We need our leaders to help us to keep calm, despite the terror. Bibi could have chosen to note that the suspect’s own father, who has volunteered with the Israeli Police for more than 30 years, notified the authorities when he recognized his son in security tapes shown on TV and that all of the leaders of the Arab community have condemned the attack and distanced themselves from the suspect. Had he chosen to be a leader, instead of a populist politician, Bibi would have noted that, despite the rampant discrimination, only a very few Arab citizens have ever engaged in terror or violence against the state, and have consistently expressed their grievances through legitimate democratic means.
He could have denounced the photograph that was making the rounds on Facebook, purporting to show Arabs in the north handing out candy after the attack.(The picture is from Lebanon two years ago.)
Instead, he used racist stereotypes and loaded words to boost his larger right-wing agenda.
“I am not prepared to accept two states of Israel,” he said. “A state of law for most of its citizens and a state within a state for some of them, in enclaves in which there is no law enforcement and in which there is Islamist incitement, rampant crime and an abundance of illegal weapons.”

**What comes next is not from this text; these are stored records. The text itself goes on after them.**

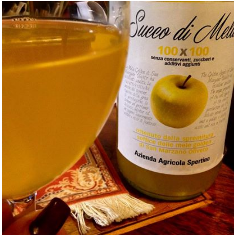
Succo di Mele Azienda Agricola Spertino
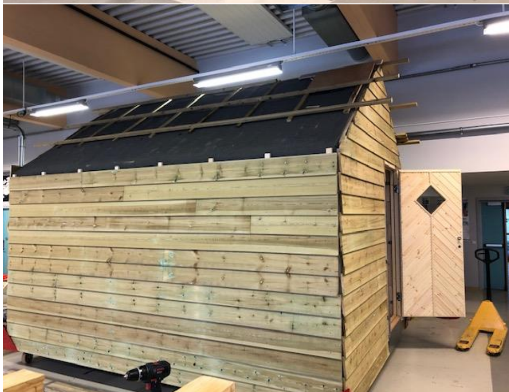
Døra står open – som eit symol på at den skal være open for alle som ferdast i fjellet .
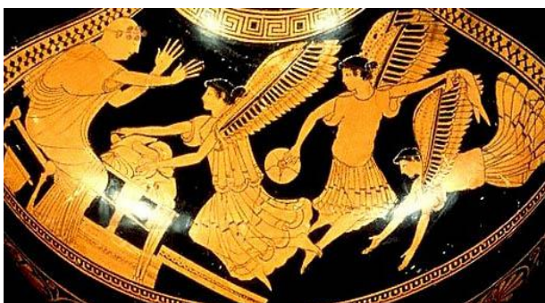
Vase grec antique
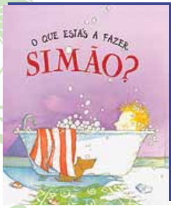
O que estás a fazer Simão? de Marie-Louise Gay
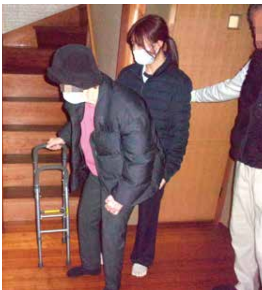
自宅で奥様の動作を間近に見ることで、旦那様も退院後の生活イメージがつかめたようです

【まずはベッド周囲の自立が ら】 慢性硬膜下血腫発症後の3ヶ月後に脳梗塞を発症し、寝たきり状態となった方を担当しました。まずはベッド周囲動作の自立を目標とし、基本動作再学習を中心にリハビリを実施しました。入院後1ヶ月後からベッド起居が可能に、2ヶ月後に車椅子移乗が可能となりました。3ヶ月後には歩行が短下肢装具とサイドケ
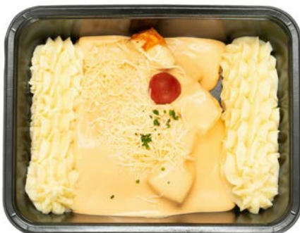
Vispannetje met kreeftensaus Poêlée de poisson sauce au homard
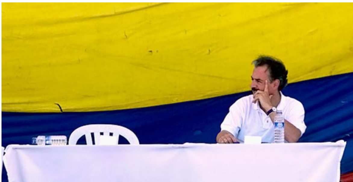
El presidente Andrés Pastrana, solo en la mesa principal en el inicio oficial de los diálogos de paz, pues el máximo jefe de las FARC, alfa "Tirofijo" no asistió por presuntos problemas con la seguridad.
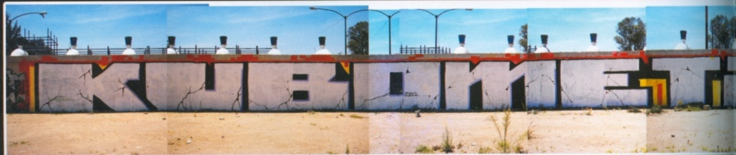
ASER7, MESH, METAL, KUBO.
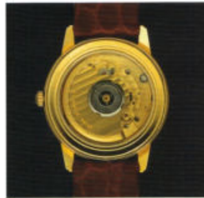
Innere Werte: das Werkfinish.
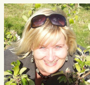
Rakstu autore: Vidzemes plānošanas reģiona kultūras ekspekte Olita Landsmane

Jāņa Poruka iela 8 108. kabinets, Cēsis Cēsu novads, LV-4101 Tālr.: 6411 6006 Fakss: 6411 6012 vidzeme@vidzeme.lv
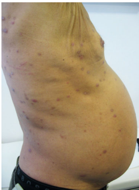
Abb. 3 Hautveränderungen bei cholestatischem Pruritus. Ikterus sowie hyperkeratotische, z. T. exkorierte Knoten im Sinne einer Prurigo nodularis. (Der Bauch ist durch einen mäßigen Aszites leicht vorgewölbt.)

Kratzspuren | Nicht selten setzen Patienten zum Kratzen Gegenstände (z. B. Bürsten und Stifte) ein, die entsprechende Schädigungsmuster bzw. Kratzspuren auf der Haut hinterlassen. Um die Hautbefunde besser einordnen zu können, muss auch das Kratzverhalten der Patienten gezielt erfragt werden. So macht es z. B. einen Unterschied, ob der Patient kratzt, reibt oder die juckenden Stellen anderweitig manipuliert.
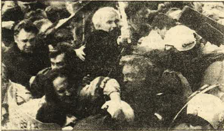
மே தினம் பேரணியைத் தடுத்து நிறுத்திய போலீஸாருடன் மோதும் ருஷ்யத் தொழிலாளர்கள் - உரிமைக்கான போராட்டம்.

★ கொடிய பஞ்சத்தால் பாதிக்கப்பட்ட பகுதியிலிருப்போருக்கு ஒரு நபருக்கு ஒரு நாளைக்கு ரூ.22/- வீதம் செலவழிப்பதாக அரசின் புள்ளி விவரங்கள் கூறுகின்றன. சென்றமுறை பட்டினிச் சாவுகள் ஏற்பட்டதிலிருந்தே, ஒரிஸ்ஸா மாநிலம் காளகந்திக் தென்நே தனியாக ஒரு திட்டத்தைத் தயாரித்திருந்தது அரசு. இதுவரை கடந்த 15 வருடங்களாக அப்பகுதியில் பஞ்சத்தை நீக்க 200 கொடி செலவிடப்பட்டுள்ளதாகக் கூறப்படுகிறது. இருப்பினும் காளகந்தியில் மிகச் சமீபத்தில் பட்டினியால் 14 பேர் இறந்து போயுள்ளனர். பீகாரின் பஞ்சத்தால் பீடிக்கப்பட்ட பகுதிகளுக்கு 80 கோடி ஒதுக்கப்பட்டுள்ளதாக செய்திகள் கூறினாலும், இதுவரை 60 பேர் இறந்து போயுள்ளனர். பி.ஜே.பி. ஆட்சியிலிருந்து பொழுதே அதன் மறுப்பையும் மீறி ம.பி.-யில் பஞ்ச நிவாரண நடவடிக்கைகள் எடுத்ததாக ராவ் அரசு கூறியது. ஆனால் கடந்த மாதங்களில் மட்டும் 1,200 பேர் பட்டினியால் இறந்து போயுள்ளனர். இங்கு ஒரு நாளைக்கு சராசரியாக 10 பேர் இறந்து போவதாக செய்திகள் வருகின்றன. தற்பொழுது உ.பி.-யின் வாரணாசி பகுதிக்கும் பட்டினிச் சாவுகள் பரவ ஆரம்பித்துள்ளது. ராஜீவ் காலத்திலிருந்தே காளகந்தியில் பட்டினிச் சாவுகள் தொடர்கதையாகிப் போயின; இப்பொழுது இக் கொடுமை நாட்டின் வடபகுதியின் முக்கியமான மூன்று மாநிலங்களிலும் பரவத் தொடங்கி விட்டது. இவையாவும் அரசு அளித்ததாகக் கூறும் உதவித் தொகையும், நிவாரணமும் அதன் கோப்புகளிலேயே முடங்கிப் போயுள்ளன என்பதைத்தான் நிரூபிக்கின்றன.

In a time when we all need to search for new solutions, Bibi offered nothing more than the usual dread. He knows as well as we all do that without a viable peace plan, the terror will continue, within Israel and without. It’s true that the Palestinian leadership is a failure — but that doesn’t absolve Bibi and his cabinet from the responsibility and the obligation to seek new and just solutions. But Bibi has nothing to offer except recycled fear.
Often close to despair, Israelis need to at least be able to dream of a better society. Bibi could have spoken of a program that his own government recently passed to allocate 15 billion shekels ($3.8 billion) to the Arab minority, in order to reduce the social gaps. But he knows that that won’t get him any new votes.
I have given up on hoping that the current political leadership will ever truly lead. But I do believe that, through our civil society institutions, we are capable of leading ourselves to a more just, peaceful society — and, with the help of like-minded supporters, we will.
The Palestinians, Israelis love to repeat, quoting Abba Eban, never miss an opportunity to miss an opportunity.
Bibi, it seems, never misses an opportunity for opportunism.
Eetta Prince-Gibson, the former editor in chief of The Jerusalem Report, is an award-winning journalist who lives in Jerusalem.